HEADTEACHERS and MPs have met with ministers to discuss “punitive” pension rules preventing schools converting to academies.
School governors from Berwick down to Blyth joined MPs Guy Opperman and Sir Alan Beith to persuade the Government to intervene and prevent council chiefs hitting schools wishing to be academies with new higher pension payments.
The Journal revealed earlier this year that council bosses were placing 20% pensions surcharge on non-teaching staff when schools convert, saying that academies’ funding is not secure enough.
That cash-grab meant that the Berwick Academy was forced to take an extra £90,000 from money which should have gone on children’s education. Meadowdale Academy has also been handed punishing pensions surcharges, with the Bedlington school losing £66,000 a year taken from teaching budgets.
Other schools have said they simply could not afford to convert to academies – schools handed more freedom to teach in the way they see fit – because of the council’s rules.
Now those heads have met with Liberal Democrat education minister David Laws at a meeting arranged by Mr Opperman.
The Hexham Tory said: “It is not acceptable for the council officers to prevent schools from securing their future by treating an academy less favourably when compared to a maintained school. This is a flagship coalition policy and the council approach to the pension schemes is holding back the schools in Northumberland.”
Sir Alan Beith said: “This is a perhaps unforeseen aspect of the academy conversion scheme, but I hope the minister and his team will be able to help resolve the situation quickly.”
Berwick Conservative and school governor Anne-Marie Trevelyan has been pushing for the council to stop considering academies as high risk, and said there were signs the Government would issue new guidelines to prevent Northumberland adding the surcharge.

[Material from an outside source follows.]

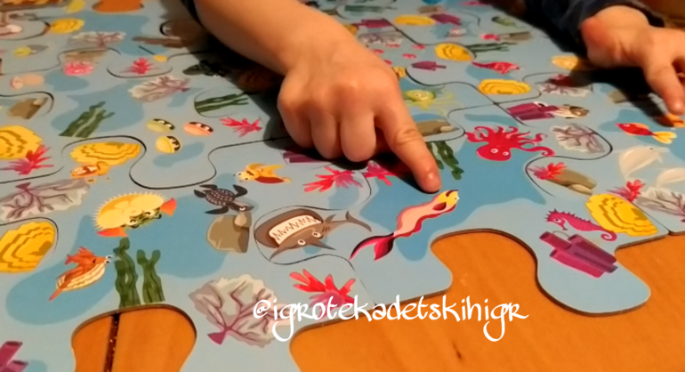Ну и вечером немного поиграли в Коралловый риф, я о ней писала отзыв в сообществе настольных игр и провели тест драйв новой игры. Тест драйв провалился. Сделала я все хорошо. Компоненты отличные, но я намудрила немного с основной картинкойи оказывается если поворачивать карточки, вторая картинка не собралась. Играть не переворачивая можно конечно, но буду переделывать.

The Berwick Academy governor said: “Without these changes in guidelines from central government we have been seriously concerned that our academies might not survive for the long term in Northumberland due to the huge extra costs imposed on us by county hall and that new academies could not open up.”
Attending the meeting were governors representing schools from Berwick, Alnwick, Morpeth, Bedlington, Cramlington, Blyth, and Haltwhistle, including Dr Roger Vaughan of the three Rivers Trust, Dr Clare Mills, a governor from the Aln Federation of Community Schools, Mrs Trevelyan and Mike Routledge, headteacher at the Haltwhistle Middle and First Schools.